Брек-и-Дайн сидел рядом с Гордяем и, вывернув странным образом губы, общипывал зубами уже обглоданную кроличью косточку, как овца щиплет траву. Огромная и очень опасная овца. В его громадном синем от татуировок кулачище косточка казалась совсем крохотной, как зубочистка. Весельчак Йон глядел на него хмуро, как на кучу дерьма, на что Брек, возможно, и обиделся бы, если бы не знал, что Йон смотрит так на всех и на все. Совершенно определенно, Весельчак выглядел сейчас самым мрачным человеком на всем Севере. Но ведь он и получил свое прозвище именно из-за этого.

По другую сторону поляны перед громадным длинным мечом, прислоненным к дереву, стоял на коленях Жужело из Блая. Он накинул на голову капюшон, так что наружу торчал только острый кончик носа, и упирался подбородком в стиснутые кулаки. Судя по всему, молился. Зобатый всегда довольно настороженно относился к людям, которые молились богам, а уж о тех, кто молился мечам, и говорить нечего. Но такие уж времена, думал он. В кровавые дни мечи дороже богов. И, конечно, их куда больше. Кроме того, Жужело происходил из долины, до которой нужно невесть сколько тащиться на север, а потом еще и на запад, за горами, около Белого моря, где летом снег идет и где никто, имеющий хоть малость соображения, жить не захочет. Кто знает, что у него на уме?
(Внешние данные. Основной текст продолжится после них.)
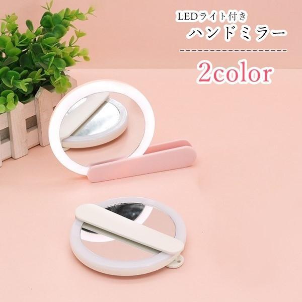 ハンドミラー 手鏡 LEDライト付き レディース 女性 ファッション雑貨 持ち手付き 折り畳み式 リチウム 充電式 無地 ピンク ホワイト シンプル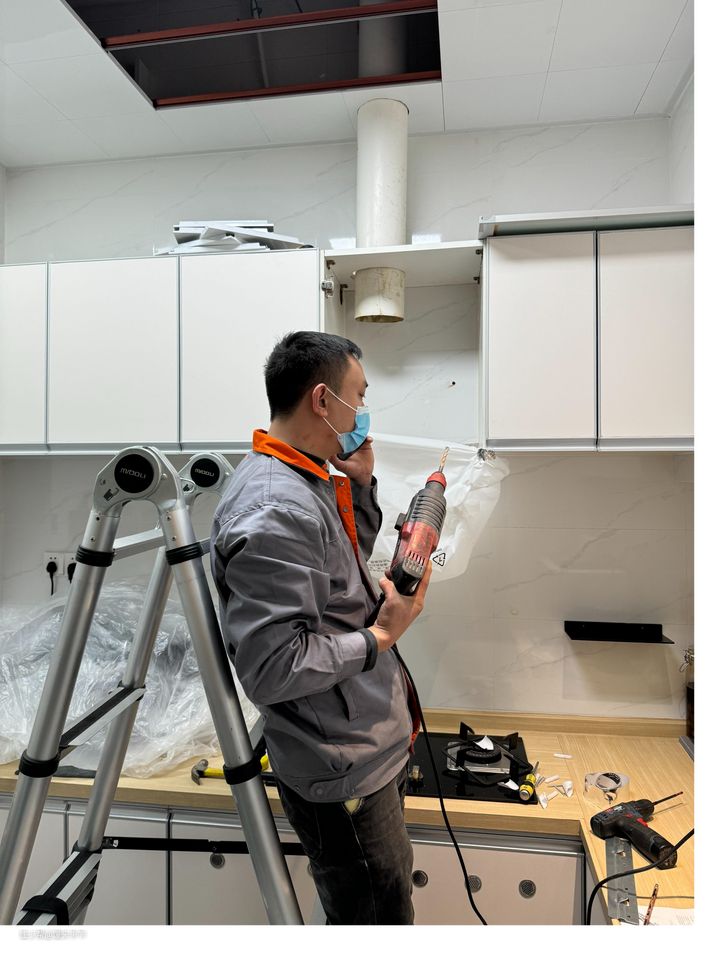 如果你家之前就有橱柜了,可能会出现像牛牛这里一样的情况——烟机和橱柜之间会留有一段缝隙的情况存在,不能确保烟机和橱柜处于完全平行、契合的状态。
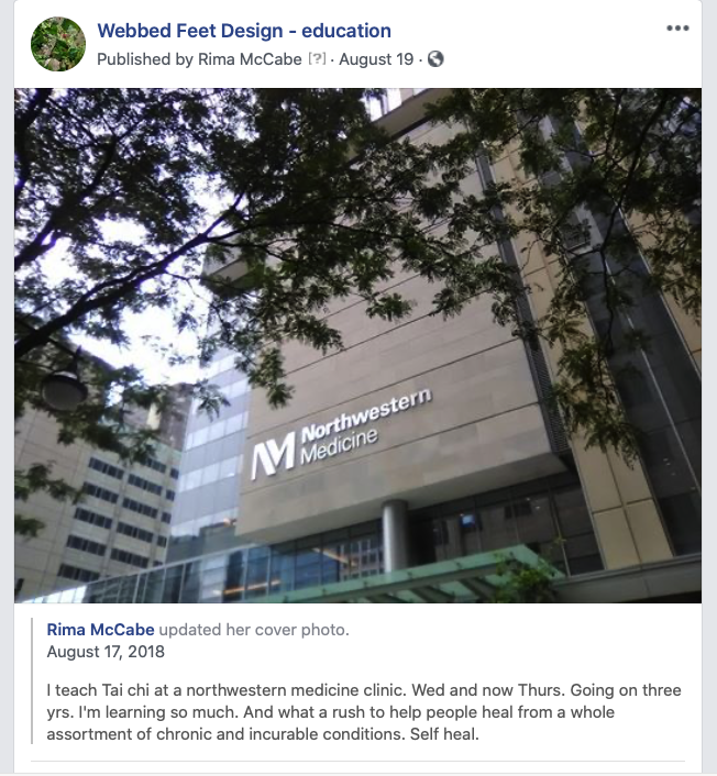 We led biweekly Tai Chi classes at Northwestern Memorial Hospital Stone Institute Clinic (3 yrs.) and Amita Health (1 year). We

– Я уже говорил, что это не деревня, а просцанное пятно? Даже и цвет такой же. – Никогда неторопливо натягивал тетиву на лук. И улыбался он с таким видом, будто подшутил над всеми остальными, да так, что никто, кроме него самого, этого не понял. Зобатый не отказался бы узнать, в чем соль шутки: тогда, может быть, и он посмеялся бы. Насколько он мог судить, шутка касалась их всех.

– Тут ты, пожалуй, прав, – отозвалась Чудесница, вальяжно выходя на поляну. – Моча. Чистейшей воды.

– Ну, мы приперлись сюда не для того, чтобы здесь поселиться, – сказал Зобатый, – а чтобы добыть кое-что.

Весельчак Йон тем временем совершил нечто такое, что многие сочли бы немыслимым: он нахмурился еще сильнее, черные глаза, мрачные как две могилы, толстые пальцы раздирают густую свалявшуюся бороду.

– Что именно?

Зобатый снова взглянул на Раубина.

– Хочешь перекопать все это вдоль и поперек? – Посредник беспомощно развел руками. – Я слышал, что мы узнаем, когда увидим.

– Узнаем, когда увидим? Какого хоть…

– Йон, жаловаться можешь деревьям. Приказ есть приказ.

– К тому же мы ведь уже здесь, верно? – вставил Раубин.

Зоб опять посмотрел на него и громко цыкнул зубом.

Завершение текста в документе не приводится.